Task prompt: Output the whole listing exactly, except for the pictures in it.
--- Source material ---
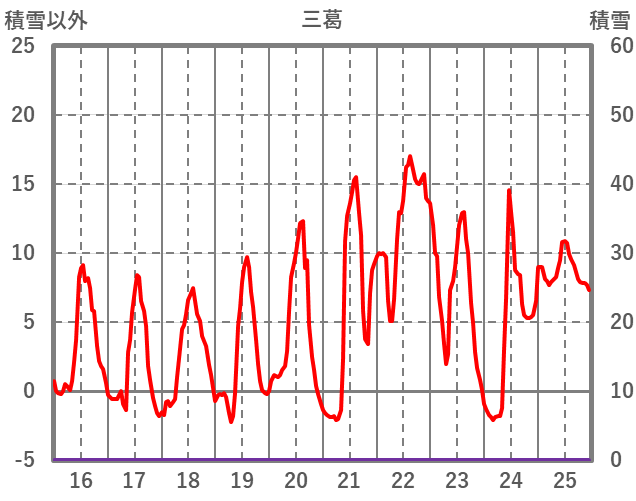 | 日 | 時 | 気温 | 降水 | 風向/風速 | 日照 | 積雪 | 降雪 |
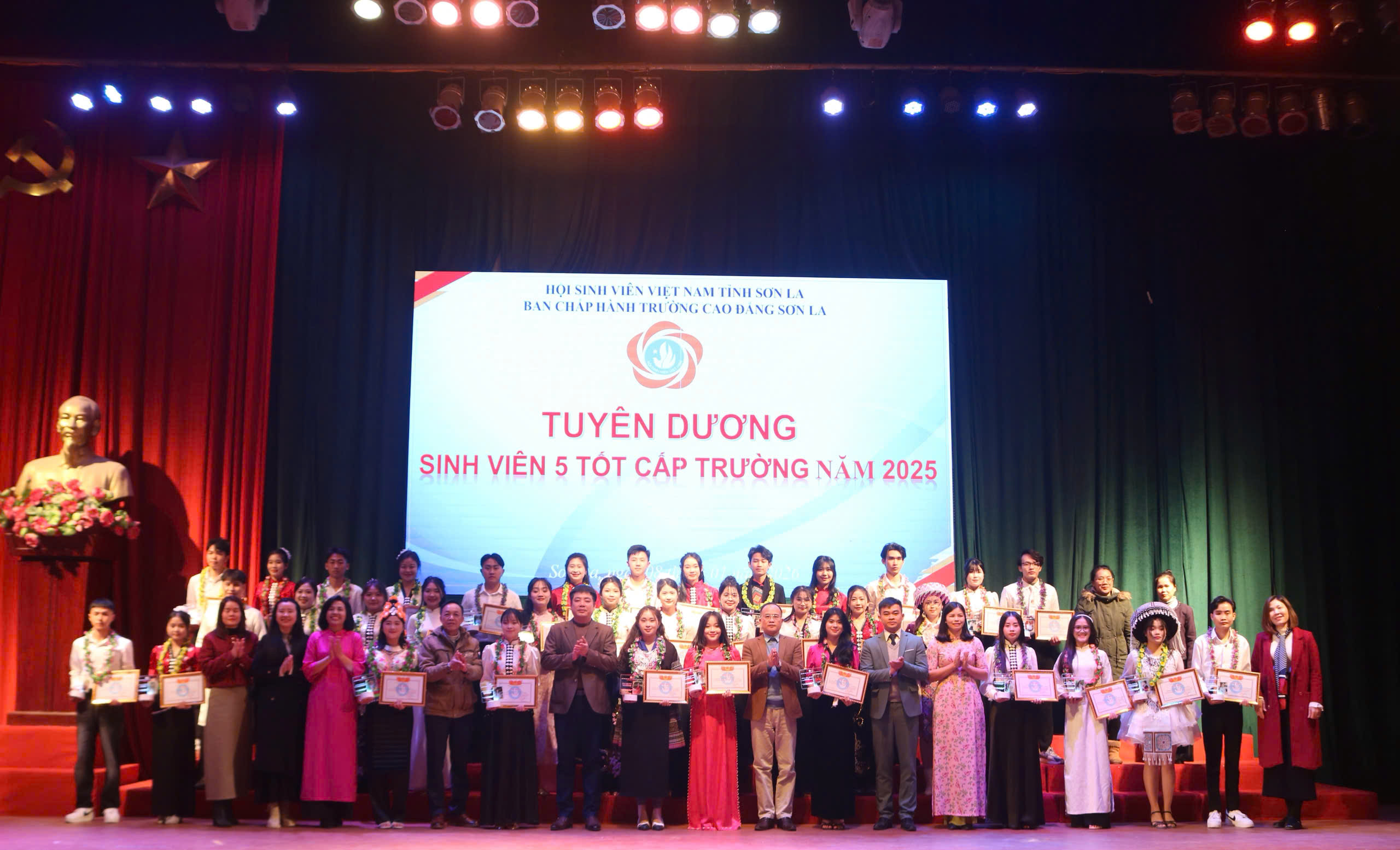 Hòa chung không khí thi đua sôi nổi của tuổi trẻ cả nước chào mừng kỷ niệm 76 năm Ngày truyền thống học sinh, sinh viên và Hội Sinh viên Việt Nam (09/01/1950 – 09/01/2026), tối ngày 08/01/2026, Hội Sinh viên Trường Cao đẳng Sơn La đã long trọng tổ chức Gala “Tự hào sinh viên Trường Cao đẳng Sơn La” năm học 2025 - 2026 – Tuyên dương danh hiệu “Sinh viên 5 tốt” cấp trường năm 2025 và Nhạc hội học sinh, sinh viên chào Xuân 2026 tại Hội trường 900.
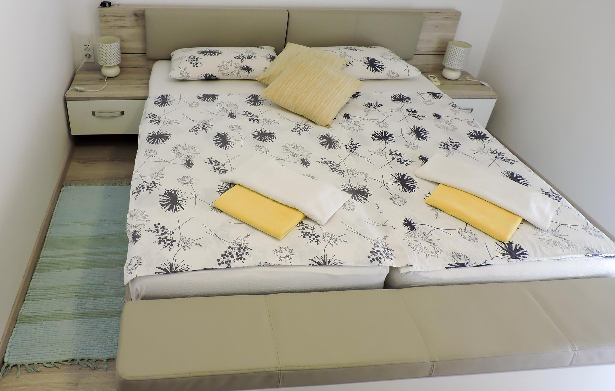 Denne lyse og indbydende lejlighed byder jer velkommen i fredelige omgivelser og lægger op til en afslappende ferie med familien. Tilbered kroatiske retter og find sammen omkring det indbydende spisebord. Planlæg jeres aktiviteter og nyd en hyggelig spilleaften efter en begivenhedsrig dag.
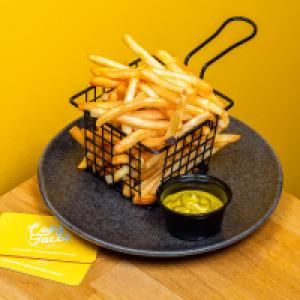 Poulet grillé, fromage de chèvre, méli-mélo de crudités, tomates, frites et sauce miel moutarde
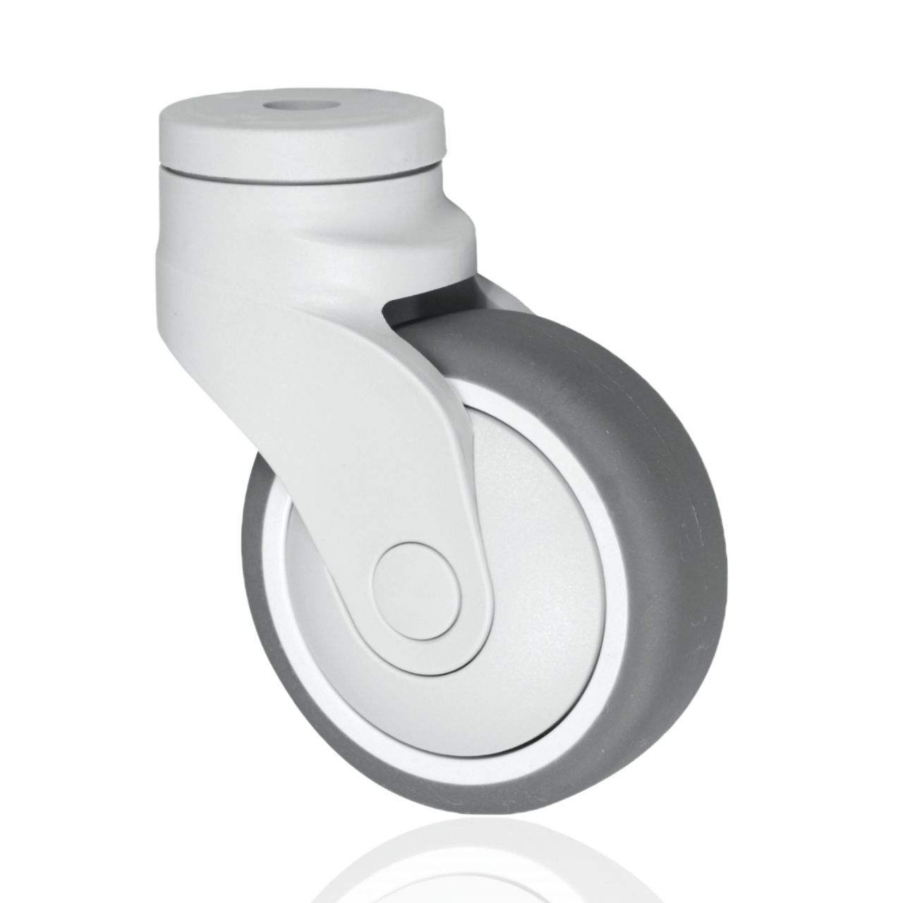 This 4 inch (100 mm) bolt hole swivel Medical caster with total lock brake is specially manufactured for medical and hospital applications, providing silent, smooth, and safe mobility for hospital beds, medical trolleys, and equipment. Featuring a soft grey TPR (thermoplastic rubber) tread on a durable PP (polypropylene) core, it ensures excellent floor protection, low noise, shock absorption, and non-marking performance in sensitive healthcare environments. The total lock brake simultaneously locks both swivel and wheel for maximum stability.
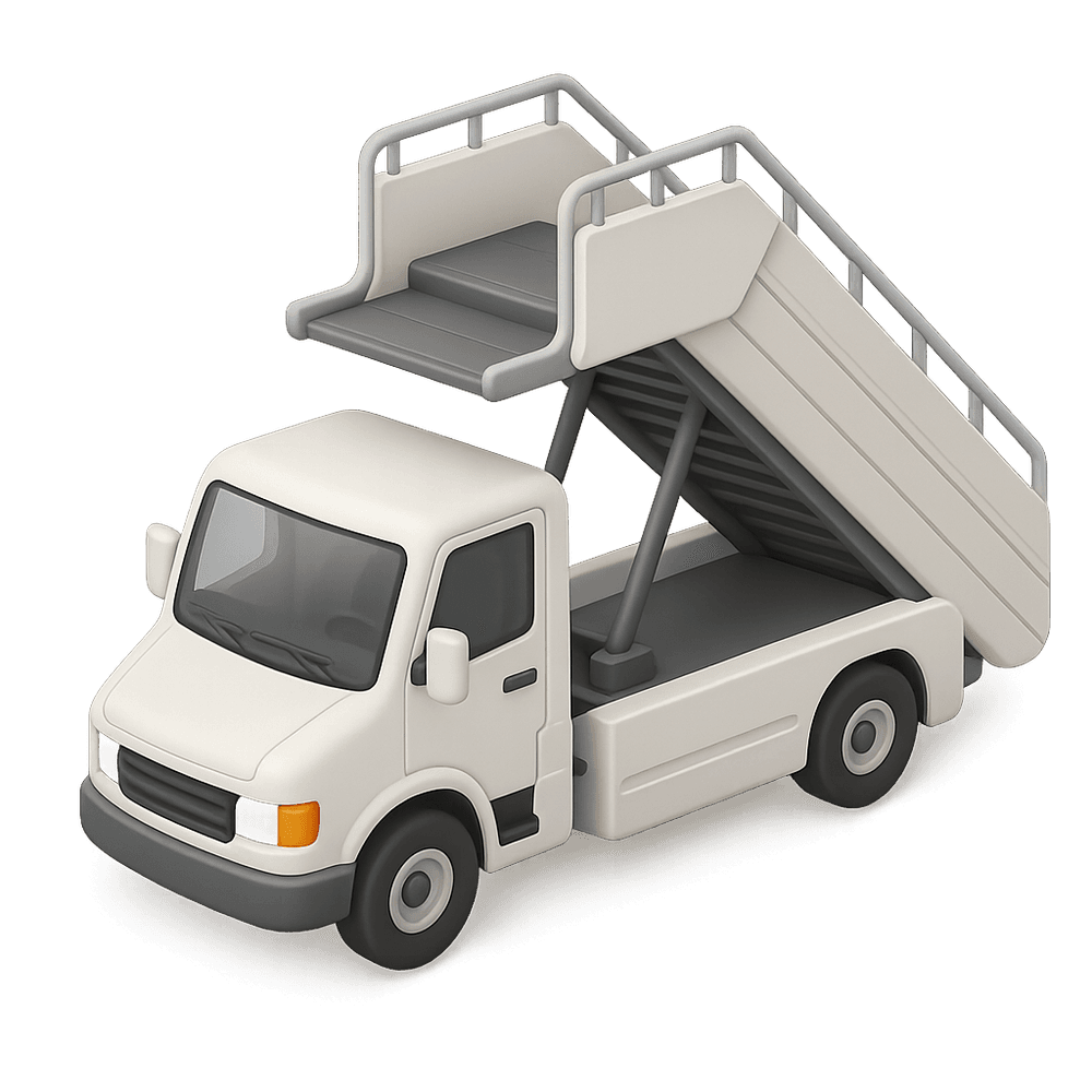 A specialized vehicle equipped with mobile stairs, used at airports to allow passengers to board and disembark from aircraft when jet bridges are not available.
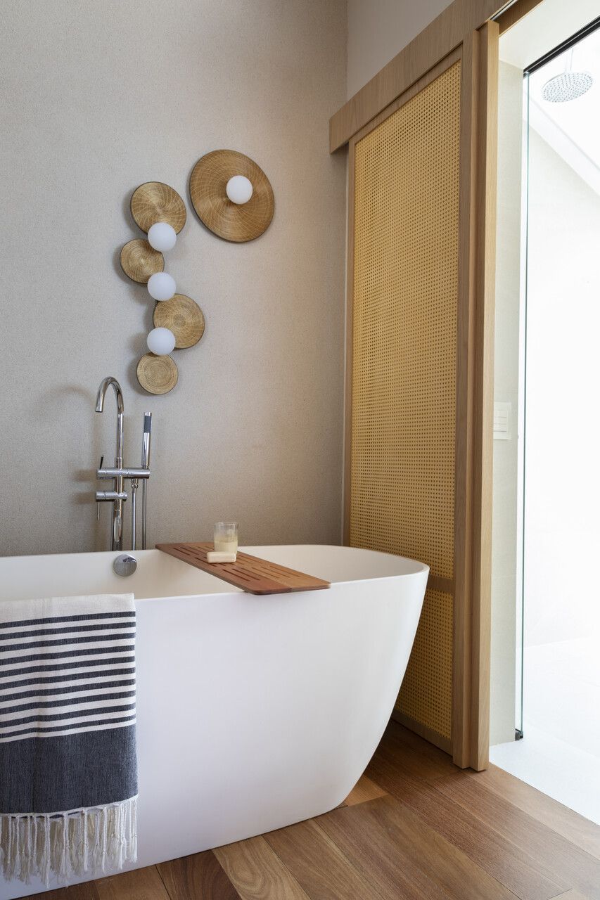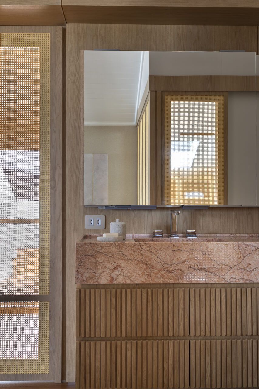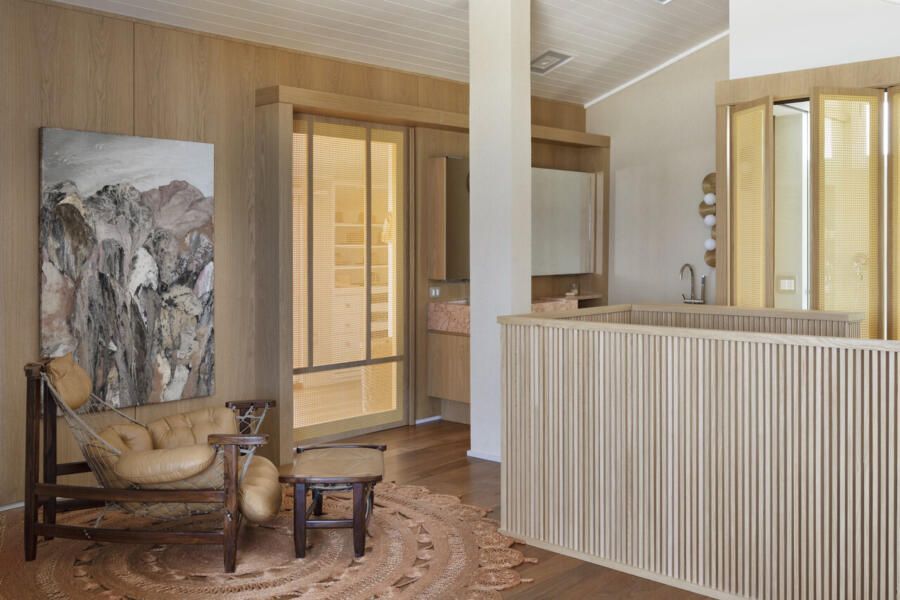Na suíte master, o banheiro está separado com painéis que pode ser abertos. A cabeceira e os painéis trazem mais elementos naturais à suíte, todos em palha natural.
---
Expected answer:
 | 日 | 時 | 気温 | 降水 | 風向/風速 | 日照 | 積雪 | 降雪 |
 Hòa chung không khí thi đua sôi nổi của tuổi trẻ cả nước chào mừng kỷ niệm 76 năm Ngày truyền thống học sinh, sinh viên và Hội Sinh viên Việt Nam (09/01/1950 – 09/01/2026), tối ngày 08/01/2026, Hội Sinh viên Trường Cao đẳng Sơn La đã long trọng tổ chức Gala “Tự hào sinh viên Trường Cao đẳng Sơn La” năm học 2025 - 2026 – Tuyên dương danh hiệu “Sinh viên 5 tốt” cấp trường năm 2025 và Nhạc hội học sinh, sinh viên chào Xuân 2026 tại Hội trường 900.
 Denne lyse og indbydende lejlighed byder jer velkommen i fredelige omgivelser og lægger op til en afslappende ferie med familien. Tilbered kroatiske retter og find sammen omkring det indbydende spisebord. Planlæg jeres aktiviteter og nyd en hyggelig spilleaften efter en begivenhedsrig dag.
 Poulet grillé, fromage de chèvre, méli-mélo de crudités, tomates, frites et sauce miel moutarde
 This 4 inch (100 mm) bolt hole swivel Medical caster with total lock brake is specially manufactured for medical and hospital applications, providing silent, smooth, and safe mobility for hospital beds, medical trolleys, and equipment. Featuring a soft grey TPR (thermoplastic rubber) tread on a durable PP (polypropylene) core, it ensures excellent floor protection, low noise, shock absorption, and non-marking performance in sensitive healthcare environments. The total lock brake simultaneously locks both swivel and wheel for maximum stability.
 A specialized vehicle equipped with mobile stairs, used at airports to allow passengers to board and disembark from aircraft when jet bridges are not available.
Na suíte master, o banheiro está separado com painéis que pode ser abertos. A cabeceira e os painéis trazem mais elementos naturais à suíte, todos em palha natural.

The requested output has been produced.